Elle a élevé les enfants seule pendant ses tournées, posté des messages d’amour inconditionnel. « J’étais sa cheerleader, sa rocher », dit-elle. Après l’accident, les paparazzis l’assiègent, les offres de livres et d’interviews pleuvent. Une fondation Jota pour les enfants orphelins naît, qu’elle préside. Pourtant, le deuil la ronge.

« Les nuits sans lui, les enfants qui demandent ‘Papa rentre quand ?’… Je me noyais. Un psy m’a conseillé un break radical. Rio, c’est thérapeutique : des amis brésiliens de Diogo m’ont invitée, et Neymar lui-même a écrit : ‘Viens, on honore son esprit ici’.

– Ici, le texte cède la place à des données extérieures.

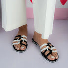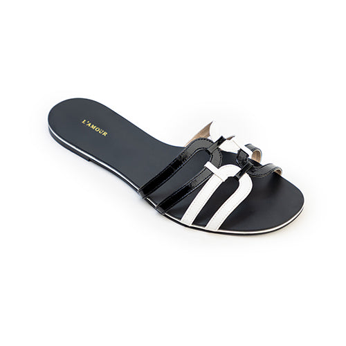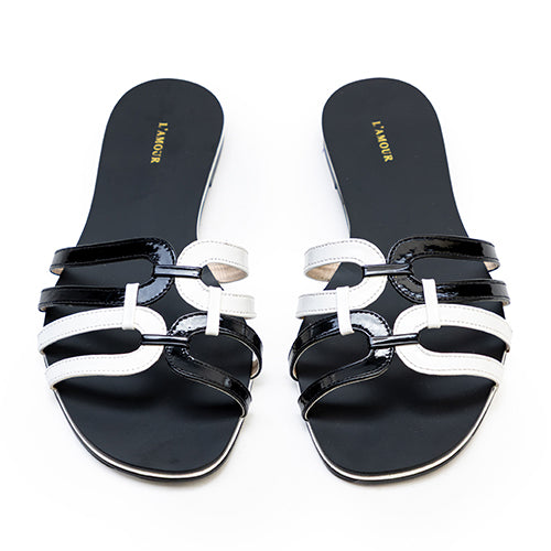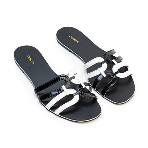 Our 'TWIN' Flats are available in two colorways. This one is crafted in leather, and features a symmetrical interlock pattern in black & white. For the edgy fashionista, this sandal is equal parts trendy and versatile.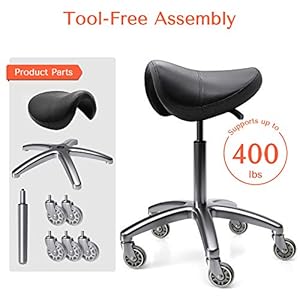 ERGONOMIC SADDLE STOOL WITH WHEELS: The TASALON ergonomically-designed saddle seat stool is here to keep you comfortable even after hours of work thanks to its thick, soft padding and comfy “saddle” style design.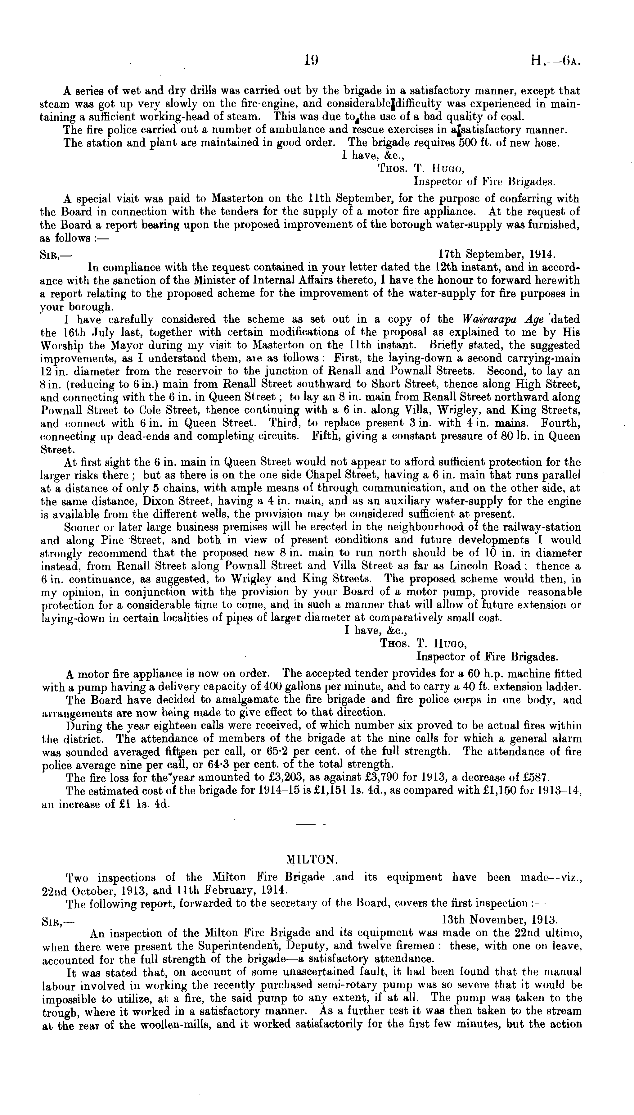 A series of wet and dry drills was carried out by the brigade in a satisfactory manner, except that steam was got up very slowly on the fire-engine, and considerable|difficulty was experienced in maintaining a sufficient working-head of steam. This was due use of a bad quality of coal. The fire police carried out a number of ambulance and rescue exercises in ajsatisfactory manner. The station and plant are maintained in good order. The brigade requires 500 ft. of new hose. 1 have, &c, Thos. T. Huuu, Inspector of Fire Brigades. A special visit was paid to Masterton on the 11th September, for the purpose of conferring with the Board in connection with the tenders for the supply of a motor fire appliance. At the request of the Board a report bearing upon the proposed improvement of the borough water-supply was furnished, as follows :— Sir, — 17th September, 1914. In compliance with the request contained in your letter dated the 12th instant, and in accordant , with the sanction of the Minister of Internal Affairs thereto, 1 have the honour to forward herewith a report relating to the proposed scheme for the improvement of the water-supply for fire purposes in your borough. I have carefully considered the scheme as set out in a copy of the Wairarapa Age dated the 16th July last, together with certain modifications of the proposal as explained to me by His Worship the Mayor during my visit to Masterton on the 11th instant. Briefly stated, the suggested improvements, as I understand them, are as follows : First, the laying-down a second carrying-main 12 in. diameter from the reservoir to the junction of Renall and Pownall Streets. Second, to lay an 8 in. (reducing to 6 in.) main from Renall Street southward to Short Street, thence along High Street, and connecting with the 6 in. in Queen Street; to lay an 8 in. main from Renall Street northward along Pownall Street to Cole Street, thence continuing with a 6 in. along Villa, Wrigley, and King Streets, and connect with 6 in. in Queen Street. Third, to replace present 3 in. with 4 in. mains. Fourth, connecting up dead-ends and completing circuits. Fifth, giving a constant pressure of 801b. in Queen Street. At first sight the 6 in. main in Queen Street would not appeal to afford sufficient protection for the larger risks there ; but as there is on the one side Chapel Street, having a 6 in. main that runs parallel at a distance of only 5 chains, with ample means of through communication, and on the other side, at the same distance, Dixon Street, having a 4 in. main, and as an auxiliary water-supply for the engine is available from the different wells, the provision may lie considered sufficient at present. Sooner or later large business premises will be erected in the neighbourhood of the railway-station and along Pine Street, and both in view of present conditions and future developments I would strongly recommend that the proposed new 8 in. main to run north should be of 10 in. in diameter instead, from Renal! Street along Pownall Street and Villa Street as far as Lincoln Road ; thence a 6 in. continuance, as suggested, to Wrigley and King Streets. The proposed scheme would then, in my opinion, in conjunction with the provision by your Board of a motor pump, provide reasonable protection for a considerable time to come, and in such a manner that will allow of future extension or laying-down in certain localities of pipes of larger diameter at comparatively small cost. 1 have, &c, Thos. T. Hugo, Inspector of Fire Brigades. A motor fire appliance is now on older. The accepted tender provides for a6O h.p. machine fitted with a pump having a delivery capacity of 400 gallons per minute, and to carry a 40 ft. extension ladder. The Board have decided to amalgamate the fire brigade and fire police corps in one body, and arrangements are now being made to give effect to that direction. During the year eighteen calls were received, of which number six proved to be actual fires within tin , district. The attendance of members of the brigade at the nine calls for which a general alarm was sounded averaged fifteen per call, or 65-2 per cent, of the full strength. The attendance of fire police average nine per call, or 64-3 per cent, of the total strength. The fire loss for the"year amounted to £3,203, as against £3,790 for HI 13, a decrease of £587. The estimated cost of the brigade for 1914 15 is £1,151 Is. 4d., as compared with £1,150 for 1913-14, an increase of £1 Is. 4d. MILTON. Two inspections of the Milton Fire Brigade .and its equipment have been made viz., 22nd October, 1913, and 11th February, 1914. The following report, forwarded to the secretary of the Board, covers the first inspection : Sμ:. 13th November, 1913. An inspection of the .Milton Fire Brigade and its equipment was made on the 22nd ultimo, when there were present the Superintendent, Deputy, and twelve firemen : these, with one on leave, accounted for the full strength of the satisfactory attendance. It was stated that, on account of sonic unascertained fault, it had been found that the manual labour involved in working the recently purchased semi-rotary pump was so severe that it would be impossible to utilize, at a fire, the said pump to any extent, if at all. The pump was taken to the trough, where it worked in a satisfactory manner. As a further test it was then taken to the stream at the rear of the woollen-mills, and it worked satisfactorily for the first few minutes, but the action

» La destination stupéfie car elle évoque la vitalité que Jota incarnait – ce sourire contagieux, ces dribbles fous.

Mais elle effraie : comment une veuve de 28 ans, mère célibataire, atterrit-elle dans la folie carioca ? Logistique : un appartement loué à Copacabana, école internationale pour les petits, sécurité privée. « Pas une fuite, une étape », insiste-t-elle.

« Je reviens, pour le procès contre Lamborghini – ce pneu défectueux a volé mon monde ».

Le choc est mondial. Au Portugal, les tabloïds titrent « La Veuve Blanche s’envole vers l’Oubli ».

En Angleterre, les supporters de Liverpool, encore en deuil, se divisent : certains applaudissent sa force (« Elle vit pour lui ! »), d’autres la jugent (« Trop tôt, respecte le maillot rouge »). Les enfants ? Dinis, le grand, dessine des avions pour « voler vers Papa ».

Mafalda, la bébé, gazouille sans savoir. Rute, les yeux rougis : « Ils meritent une maman qui respire à nouveau. Diogo voudrait ça – pas une ombre. » Son départ, prévu ce soir, marque un tournant.

Sera-t-il suivi d’un retour triomphal, ou d’un exil permanent ? Une chose est sûre : Rute Cardoso, de veuve éplorée à globe-trotteuse résiliente, réécrit son destin. Le Brésil, ce géant tropical, deviendra-t-il son refuge ou son nouveau chapitre ? Le monde retient son souffle, comme avant un penalty décisif.

Pour Jota, l’éternel buteur, ce serait peut-être le plus beau but posthume : voir son amour renaître des cendres.